Aim of the task >> Extract only the first line of the listing and every line after it up to and including the one with "Un plan d'eau à Etagnac (16)". Omit the pictures.

Records for the task >>

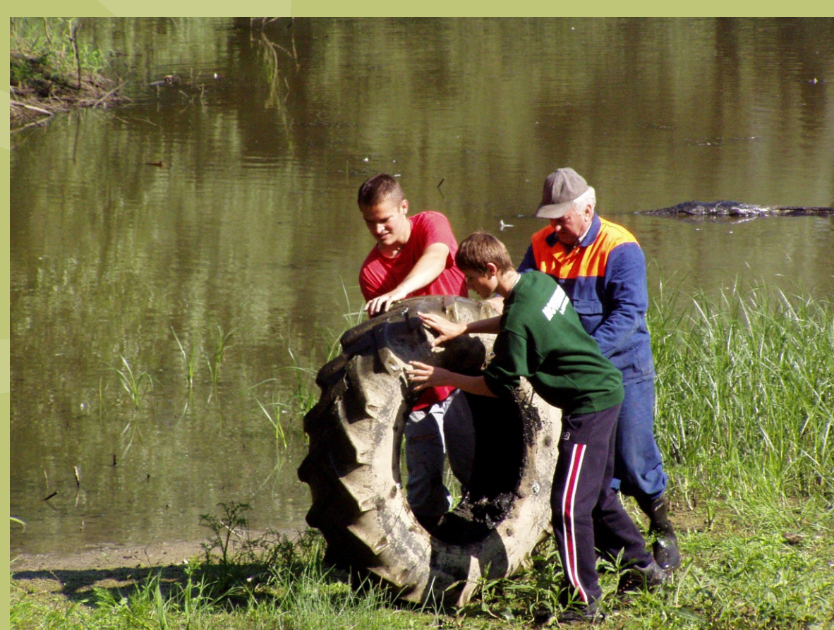
Dobrovoľníci pri čistení meandra
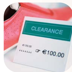
Étiquettes de prix

La P-touch 2460 dispose d'une série de fonctions d'impression parmi lesquelles l'impression bi-directionnelle, verticale, drapeau, miroir, l'impression pour panneau et
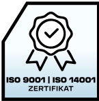
ISO 9001 Zertifikat des Qualitätsmanagementsystems nach ISO 9001 und ISO 14001
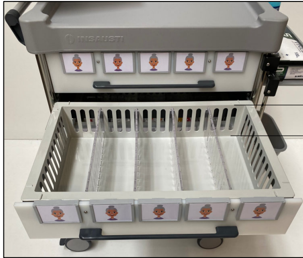
ISO DRAWER 5 PATIENTS CAJÓN ISO 5 PACIENTES
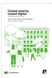
CIUDAD ABIERTA, CIUDAD DIGITAL CARLOS ARNAL, JOSÉ / SARASA, DANIEL
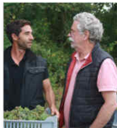
Bourgueil Mi-Pente 2020 Domaine de la Butte
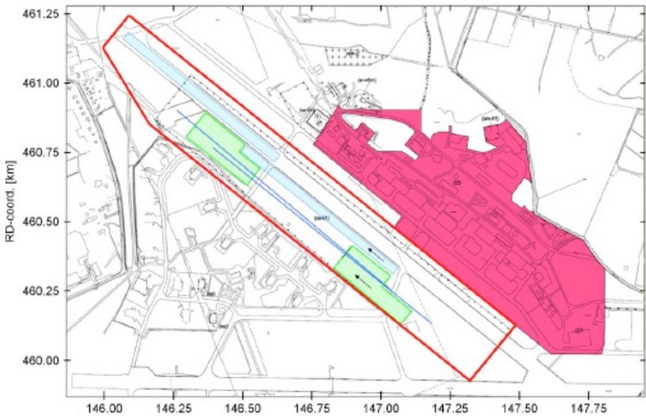
Figuur 1: Plantekening luchthaven Soesterberg in RD-coördinaten
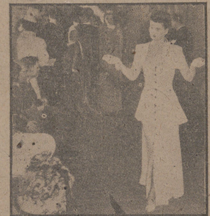
PARIS.—Desfile de modelos en una casa de modas de esta capital.
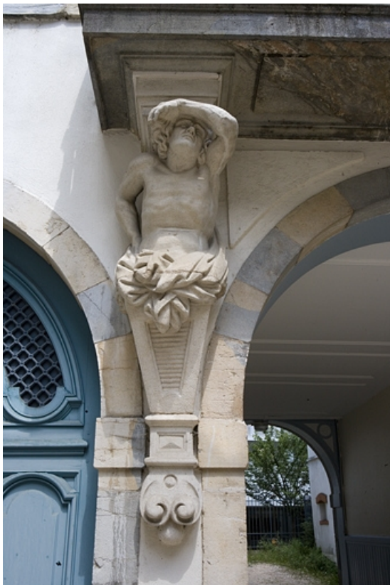
Détail de l'atlante gauche supportant le balcon du logis en fond de cour.

25, Besançon, 17 rue Mégevand, lieudit : îlot Terrier de Santans
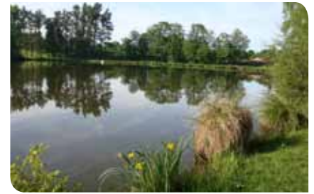
Un plan d'eau à Etagnac (16)

Un plan d'eau fait toujours partie d'un bassin versant qu'il soit directement situé sur un cours d'eau ou non. Son fonctionnement, la nature et la qualité de son eau, de sa flore et de sa faune dépendent de ce bassin versant. De même, le plan d'eau, par sa simple existence et les activités qui y sont réalisées, a une influence sur l'aval. Il existe donc un enjeu à appliquer une bonne gestion de l'étang pour préserver la bonne santé des milieux aquatiques, mais également pour préserver son bon fonctionnement.
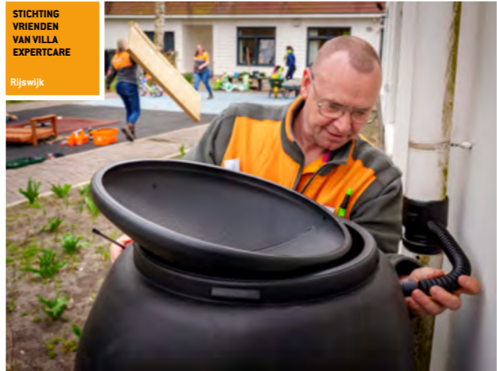
STICHTING VRIENDEN VAN VILLA EXPERTCARE Rijswijk
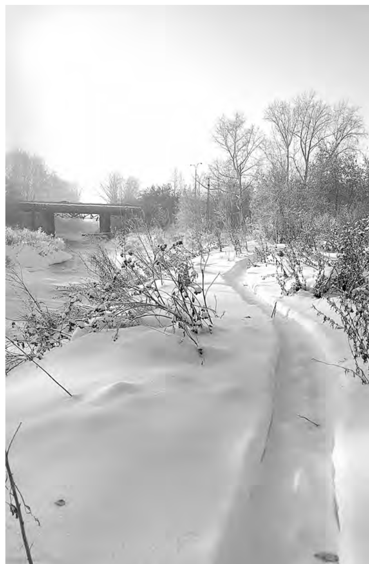
■ Зимний лес.

Но при этом нелишне помнить - мы ответственны за того, кого приручаем. Совсем уж забывать о растениях в доме не годится. Такое невнимание провоцирует набеги вредителей, появляющихся словно из ни-
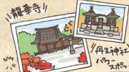
丹生神社 197-スポット
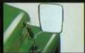
■広い視界も確保できるファンタジーカラー
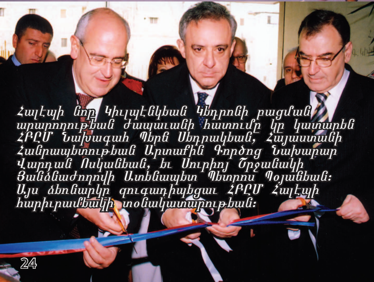
Հալէպի նոր Կիւլպէնկեան Կեդրոնի բացման արարողութեան ժայտաւանի հատումը կը կատարեն ՀԲԸՄ Նախագահ Պեր Սեդրակեան, Հայաստանի Հանրապետութեան Արտաքին Գործոց Նախարար Վարդան Ոսկանեան, եւ Սուրիոյ Շրջանակի Յանձնաժողովի Ատենապետ Պետրոս Պոյանեան: Այս ձեռնարկը զուգահիշեցաւ ՀԲԸՄ Հալէպի հարիւրամեակի տօնակատարութեան:
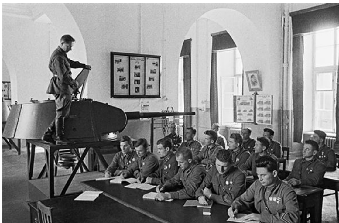
Занятия в Военной Академии им. Сталина. Москва, июнь 1941 года.
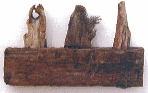
Three scraggs on a shelf
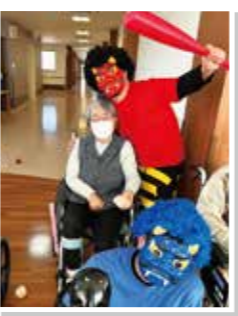
本日は優しい鬼さんたちです

〜赤鬼と青鬼と一緒に登場!〜 例年、ライフステージ三春では2月3日の節分に5階のラウンジにて鬼退治＆豆まきを行っています。 毎年鬼は赤鬼青鬼交互に登場していましたが、今年は何とダブルで登場です!! 「ワ〜イ鬼達が暴れまわります。でも大丈夫！鬼は外〜福は内〜と掛け声をかけながら大きな豆玉でやっつけます。みんなで力を合わせて鬼退治できました！無事に退治できた記念に赤鬼と青鬼と記念撮影をパチリ。 鬼退治の後は、赤チーム、青チームに分かれて豆入れゲームをしてとても楽しいひとときを過ごすことができました。
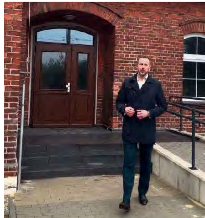
Przekazanie mieszkań to kolejny krok w rozwoju infrastruktury mieszkaniowej na terenie gminy.

1 grudnia gmina Zdzieszowice oficjalnie przekazała pięć nowych, komfortowych mieszkań komunalnych w Rozwadzy. Nowe lokale przeznaczone są wyłącznie dla mieszkańców gminy Zdzieszowice, którzy spełniają określone kryteria. Dzięki środkom z programu udało się zrealizować tę ważną społecznie inwestycję, mającą na celu
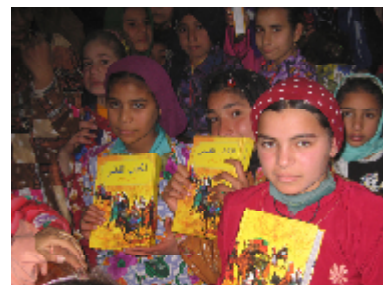
Distribution biblique en Egypte

P.S.: Notre Club aimerait accueillir des nouveaux membres. Parlez-en donc à vos amis et mettez-les en contact avec nous. Merci!

Written reply >>
Dobrovoľníci pri čistení meandra
Étiquettes de prix

La P-touch 2460 dispose d'une série de fonctions d'impression parmi lesquelles l'impression bi-directionnelle, verticale, drapeau, miroir, l'impression pour panneau et
ISO 9001 Zertifikat des Qualitätsmanagementsystems nach ISO 9001 und ISO 14001
ISO DRAWER 5 PATIENTS CAJÓN ISO 5 PACIENTES
CIUDAD ABIERTA, CIUDAD DIGITAL CARLOS ARNAL, JOSÉ / SARASA, DANIEL
Bourgueil Mi-Pente 2020 Domaine de la Butte
Figuur 1: Plantekening luchthaven Soesterberg in RD-coördinaten
PARIS.—Desfile de modelos en una casa de modas de esta capital.
Détail de l'atlante gauche supportant le balcon du logis en fond de cour.

25, Besançon, 17 rue Mégevand, lieudit : îlot Terrier de Santans
Un plan d'eau à Etagnac (16)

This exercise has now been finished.